> YOUR GOAL
Restate, word for word and with no pictures, the stretch of lines in the data below that begins at the line with "Eispickel EDLRID Raid" and ends at the line with "vemos representada de", inclusive.

> Extracted records
******************************

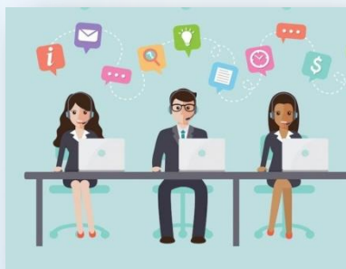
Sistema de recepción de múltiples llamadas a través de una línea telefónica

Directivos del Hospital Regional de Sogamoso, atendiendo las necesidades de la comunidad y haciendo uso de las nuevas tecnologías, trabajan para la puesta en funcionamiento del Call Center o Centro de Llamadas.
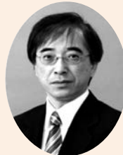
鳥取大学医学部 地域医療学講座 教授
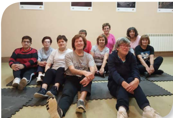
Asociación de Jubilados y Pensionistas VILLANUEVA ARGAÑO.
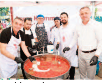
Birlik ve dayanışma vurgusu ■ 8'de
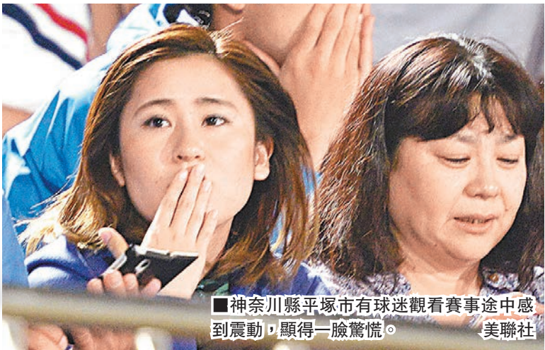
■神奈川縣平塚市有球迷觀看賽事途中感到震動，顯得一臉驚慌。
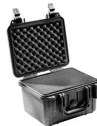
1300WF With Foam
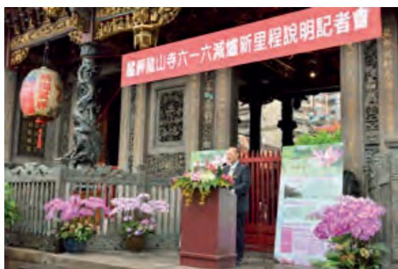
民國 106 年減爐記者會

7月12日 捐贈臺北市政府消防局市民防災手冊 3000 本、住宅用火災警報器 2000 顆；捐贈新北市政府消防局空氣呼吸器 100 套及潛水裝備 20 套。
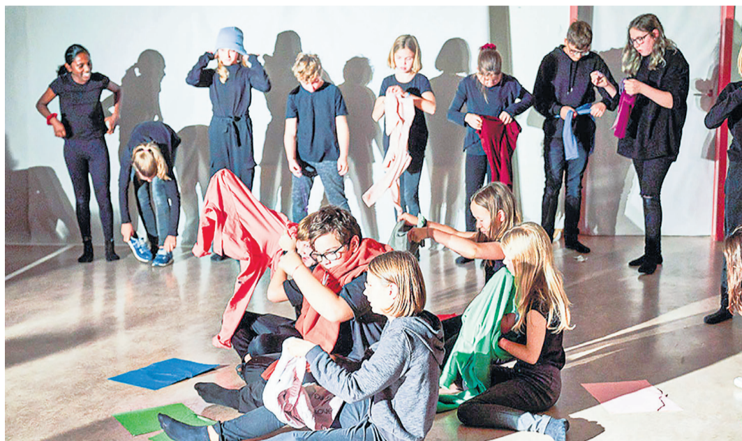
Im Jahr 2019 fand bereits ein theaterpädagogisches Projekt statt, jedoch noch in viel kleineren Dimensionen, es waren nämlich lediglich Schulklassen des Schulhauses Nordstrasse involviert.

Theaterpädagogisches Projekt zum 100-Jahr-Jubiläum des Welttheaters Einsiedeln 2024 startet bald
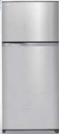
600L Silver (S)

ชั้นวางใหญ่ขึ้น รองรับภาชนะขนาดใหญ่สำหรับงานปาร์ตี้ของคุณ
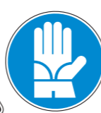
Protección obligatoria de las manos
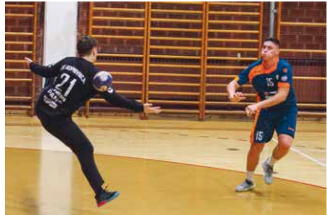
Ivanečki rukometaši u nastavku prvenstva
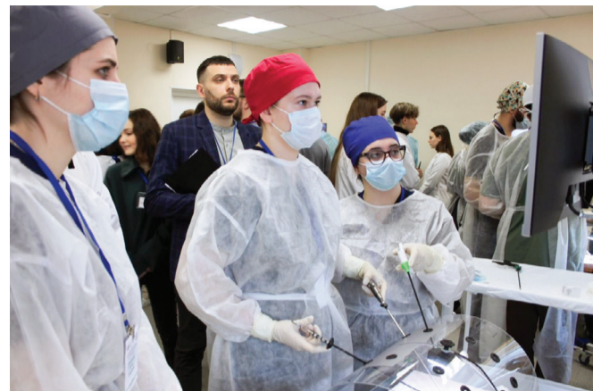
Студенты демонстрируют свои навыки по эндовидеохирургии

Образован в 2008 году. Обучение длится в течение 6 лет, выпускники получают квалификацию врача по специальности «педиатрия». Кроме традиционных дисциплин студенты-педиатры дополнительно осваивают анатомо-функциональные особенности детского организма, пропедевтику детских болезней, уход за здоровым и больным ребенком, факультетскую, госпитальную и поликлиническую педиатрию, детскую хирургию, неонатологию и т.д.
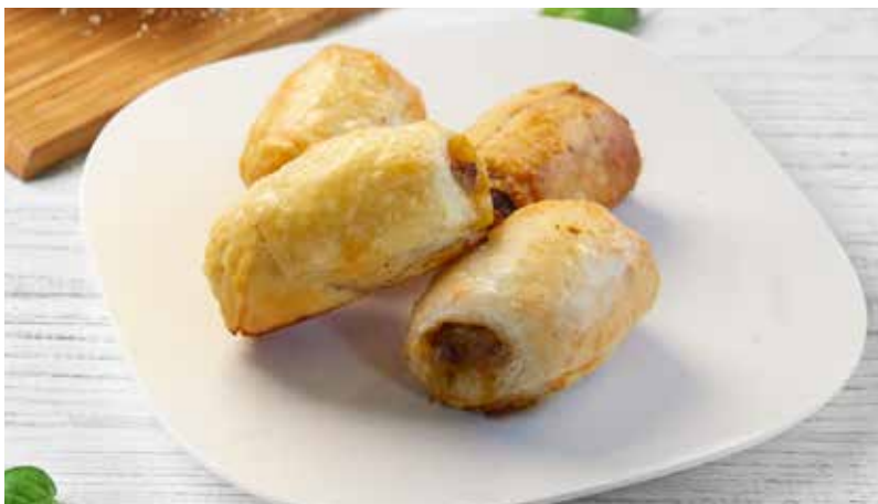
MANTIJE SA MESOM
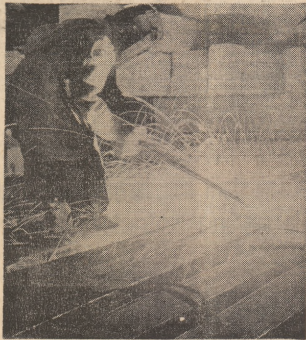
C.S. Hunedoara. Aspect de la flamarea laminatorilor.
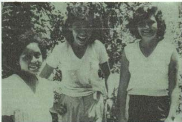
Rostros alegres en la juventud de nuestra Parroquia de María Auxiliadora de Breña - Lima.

******************************

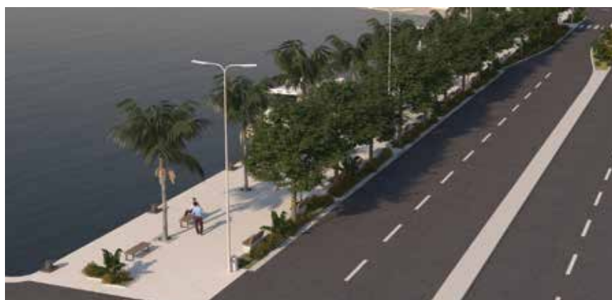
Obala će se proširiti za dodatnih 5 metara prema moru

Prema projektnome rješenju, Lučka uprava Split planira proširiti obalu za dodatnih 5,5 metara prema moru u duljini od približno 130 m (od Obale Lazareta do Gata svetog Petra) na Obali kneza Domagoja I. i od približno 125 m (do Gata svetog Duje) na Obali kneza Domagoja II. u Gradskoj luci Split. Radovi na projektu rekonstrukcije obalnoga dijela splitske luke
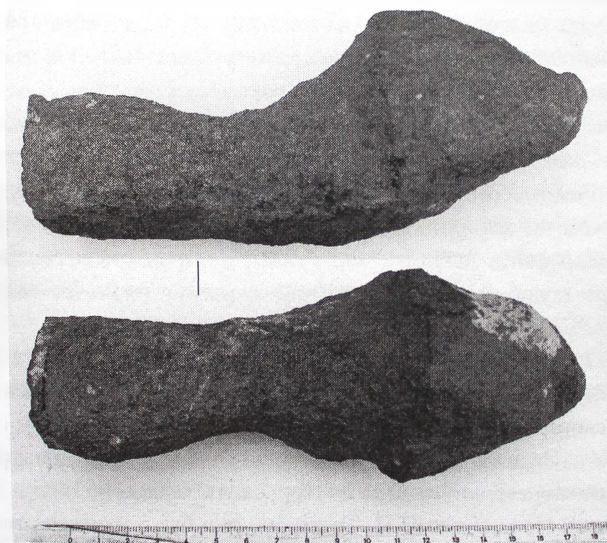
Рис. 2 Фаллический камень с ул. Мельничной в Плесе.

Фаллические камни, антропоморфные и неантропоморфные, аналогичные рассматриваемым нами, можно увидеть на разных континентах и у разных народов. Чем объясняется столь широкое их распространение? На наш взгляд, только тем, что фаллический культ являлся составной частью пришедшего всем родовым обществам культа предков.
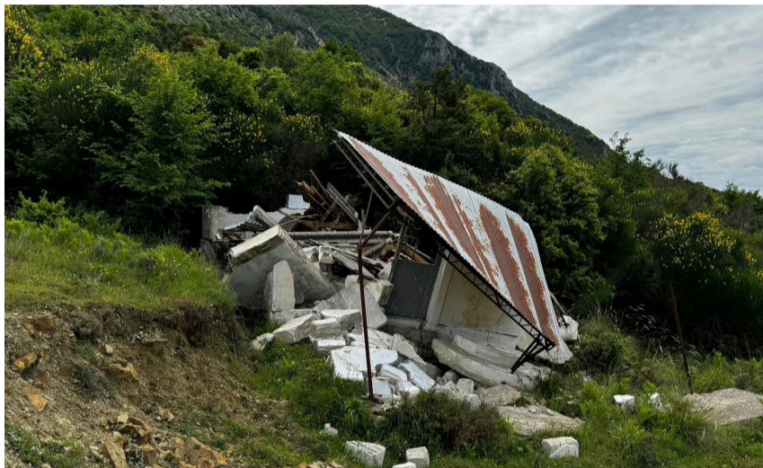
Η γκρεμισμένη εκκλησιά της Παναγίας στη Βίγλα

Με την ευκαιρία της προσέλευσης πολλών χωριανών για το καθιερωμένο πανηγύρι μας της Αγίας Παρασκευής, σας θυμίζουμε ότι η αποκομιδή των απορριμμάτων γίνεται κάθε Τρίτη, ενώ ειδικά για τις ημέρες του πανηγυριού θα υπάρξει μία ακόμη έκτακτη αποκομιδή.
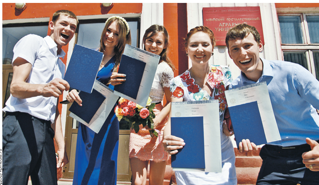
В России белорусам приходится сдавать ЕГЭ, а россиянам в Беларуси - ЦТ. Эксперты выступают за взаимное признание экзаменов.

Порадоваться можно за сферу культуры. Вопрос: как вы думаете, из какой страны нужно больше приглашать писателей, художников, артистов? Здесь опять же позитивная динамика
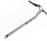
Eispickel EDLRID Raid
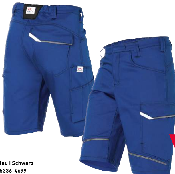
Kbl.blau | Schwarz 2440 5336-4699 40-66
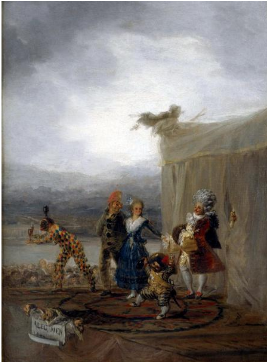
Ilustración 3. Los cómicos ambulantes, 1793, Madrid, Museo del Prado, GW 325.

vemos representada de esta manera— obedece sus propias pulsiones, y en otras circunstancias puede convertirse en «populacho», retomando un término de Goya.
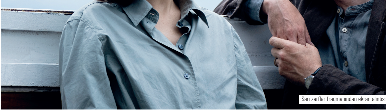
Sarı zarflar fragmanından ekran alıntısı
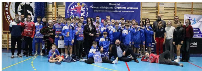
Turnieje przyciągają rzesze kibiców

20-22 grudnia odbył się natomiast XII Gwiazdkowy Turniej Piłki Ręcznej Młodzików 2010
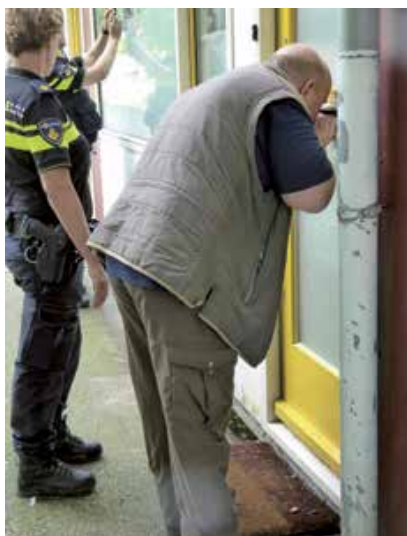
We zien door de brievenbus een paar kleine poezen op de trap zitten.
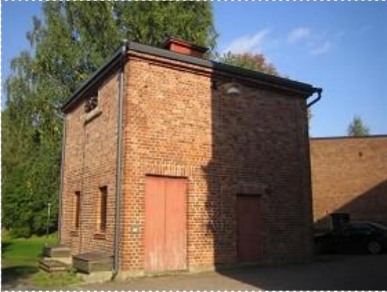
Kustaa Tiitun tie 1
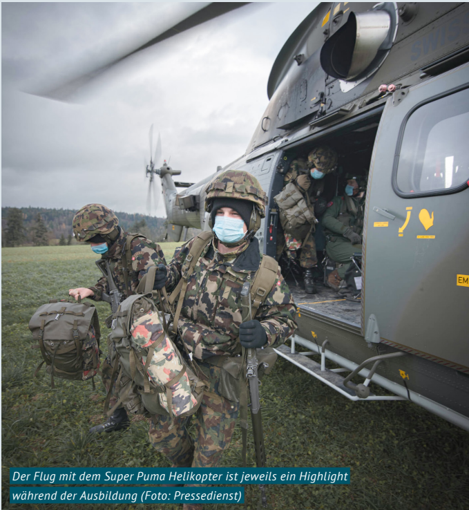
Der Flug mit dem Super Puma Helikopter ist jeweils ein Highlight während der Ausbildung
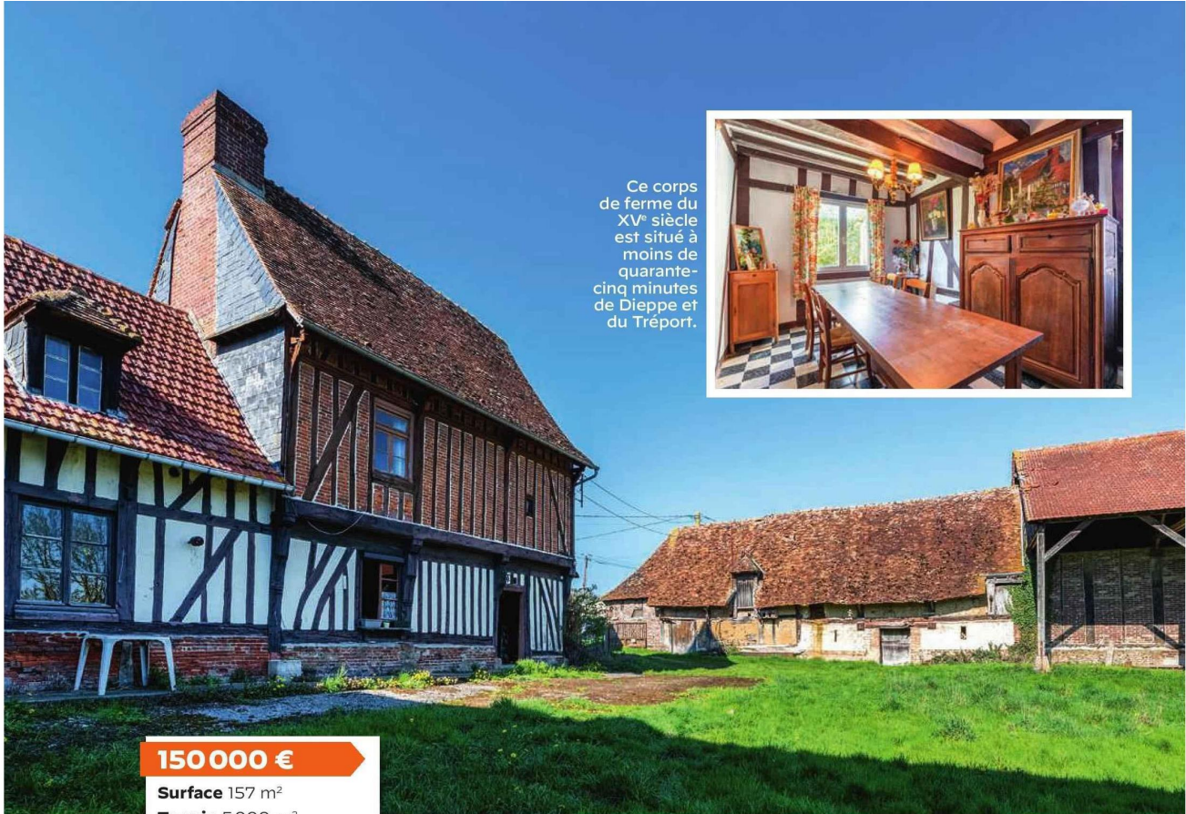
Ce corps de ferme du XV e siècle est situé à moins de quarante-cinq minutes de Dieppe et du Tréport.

******************************

> WRITTEN RESPONSE
Eispickel EDLRID Raid
Kbl.blau | Schwarz 2440 5336-4699 40-66
Ilustración 3. Los cómicos ambulantes, 1793, Madrid, Museo del Prado, GW 325.

vemos representada de esta manera— obedece sus propias pulsiones, y en otras circunstancias puede convertirse en «populacho», retomando un término de Goya.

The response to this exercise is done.